First recess 1185 and the second recess 1186 may extend in groove 1160, and are contained in by valve assembly 1210 in first recess 1185 and the second recess 1186.First passage 1179 can in central fluid bag district 1190,1192,1194,1196 one and to extend between the first recess 1185 and second channel 1181 can extend between another and the second recess 1186 in central fluid bag district 1190,1192,1194,1196, thus provides fluid to be communicated with between which.The central fluid bag district be communicated with first passage 1179 can at the pressure operation of the pressure in the central fluid bag district substantially equaling to be communicated with second channel 1181.Alternately, the central fluid bag district be communicated with second channel 1181 with first passage 1179 can work at various pressures.Compared to first passage 1179 and second channel 1181 passage, 1176 may extend in different in central fluid bag district 1190,1192,1194,1196.More specifically, first passage 1179 can be communicated with central fluid bag district 1196, and second channel 1181 can be communicated with central fluid bag district 1190.Passage 1176 can be communicated with the central fluid bag district radially-inwardly arranged relative to central fluid bag district 1190,1196.Third channel 1183 can radially between the first recess 1185 and the outer surface 1187 determining scroll 1170 extend, and four-way 1189 can extend between the second recess 1186 and the outer surface 1187 determining scroll 1170, between the first recess 1185, second recess 1186 and the suction pressure district of compressor 1110, fluid is provided to be communicated with.
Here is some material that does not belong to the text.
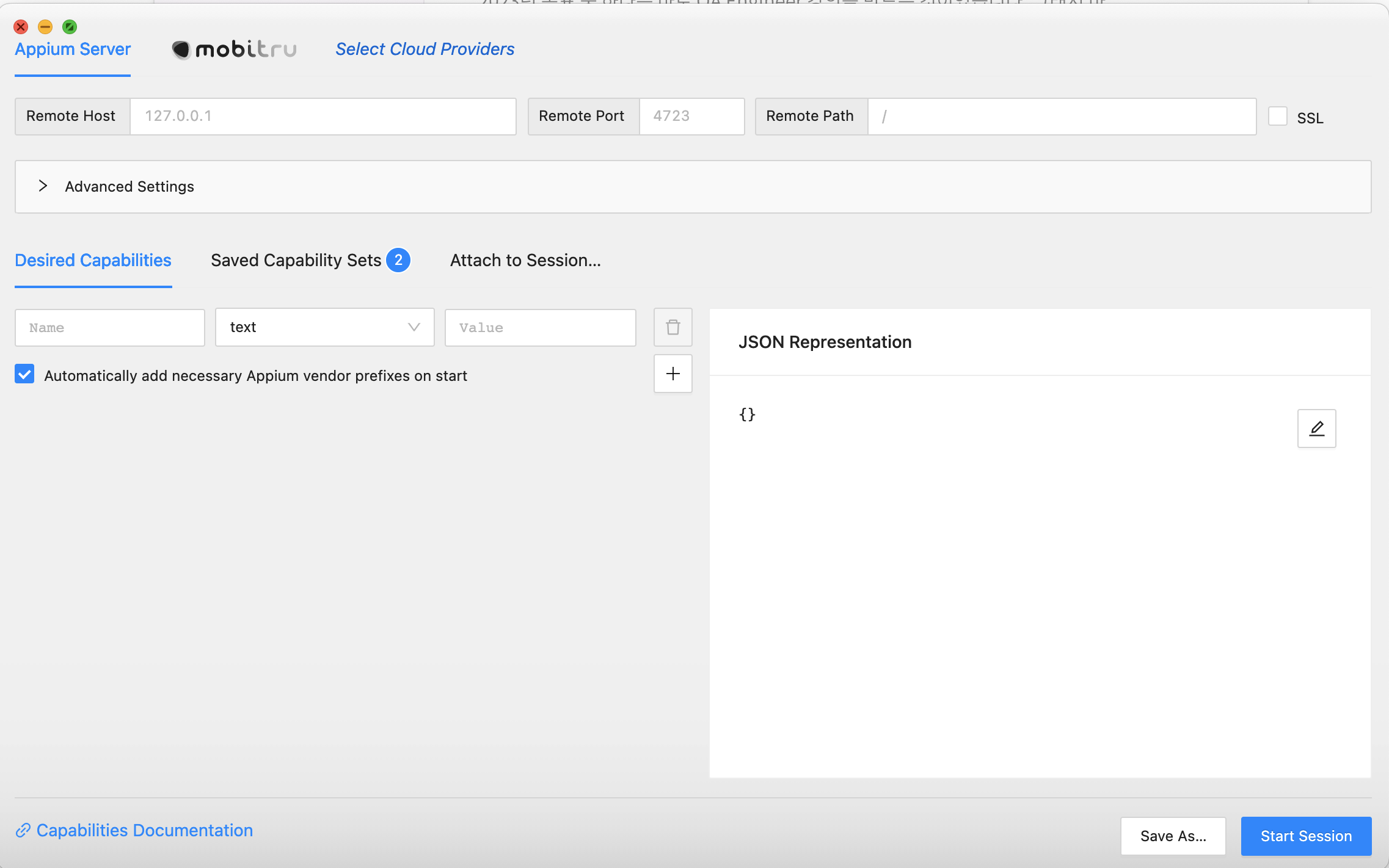 capability가 입려된 Appium-Inspector Capability에 대한 자세한 내용은 capabilites.md를 참고해 주세요!

As mentioned above, valve assembly 1210 can be arranged in each recess 1185,1186.The orientation of valve assembly 1210 in recess 1185,1186 can be similar each other with joint.Therefore, only will discuss the orientation of valve assembly 1210 in recess 1185 and joint in detail, and be appreciated that this description is applied to orientation and the joint of the valve assembly 1210 in recess 1186 equally.In addition, should be appreciated that, although compressor 1110 is depicted as comprise two valve assemblys 1210, single valve assembly 1210 can be used when single recess 1185, or the valve assembly 1210 of greater number can be used when having additional recess and passage.

Valve assembly 1210 can comprise valve chest 1212, valve member 1214 and biasing member 1215.Valve chest 1212 can be fixed to the end plate 1184 determining scroll 1170 in recess 1185.Valve chest 1212 can comprise first passage 1216 and second channel 1220, first passage 1216 extends through the lower surface 1218 of valve chest 1212, second channel 1220 extends radially through the outside of valve chest 1212, and is communicated with third channel 1183 fluid determined in scroll 1170.First passage 1216 and second channel 1220 can fluid communication with each other and by valve member 1214 with the first passage 1179 determined in scroll 1170 optionally fluid be communicated with.Hole 1222 can extend between first passage 1216 and the upper surface of valve chest 1212, is slidably supported valve member 1214 wherein.

Valve member 1214 can comprise: valve plate 1226, and valve plate 1226 has the axle 1228 extended from it; And plate 1224, plate 1224 is fixed to the end extending through the upper surface of the valve chest 1212 substantially opposite with valve plate 1226 of described axle.Valve plate 1226 can have the external diameter that is less than valve chest 1212 and be greater than the diameter of the diameter of first passage 1216.Between the lower surface 1218 that valve plate 1226 can be arranged on valve chest 1212 and the first passage 1179 determining in scroll 1170.So, when being in primary importance (shown in Figure 13)---wherein, valve plate 1226 is axially displaced from the lower surface 1218 of valve chest 1212---time, valve plate 1226 can allow with the first passage 1216 of valve chest 1212 and therefore be communicated with the fluid between second channel 1220.When being in the second place (shown in Figure 14)---wherein, valve plate 1226 abuts the lower surface 1218 of valve chest 1212---time, first passage 1216 in the salable firmly valve chest 1212 of valve plate 1226, makes it not be communicated with first passage 1179 fluid determined in scroll 1170.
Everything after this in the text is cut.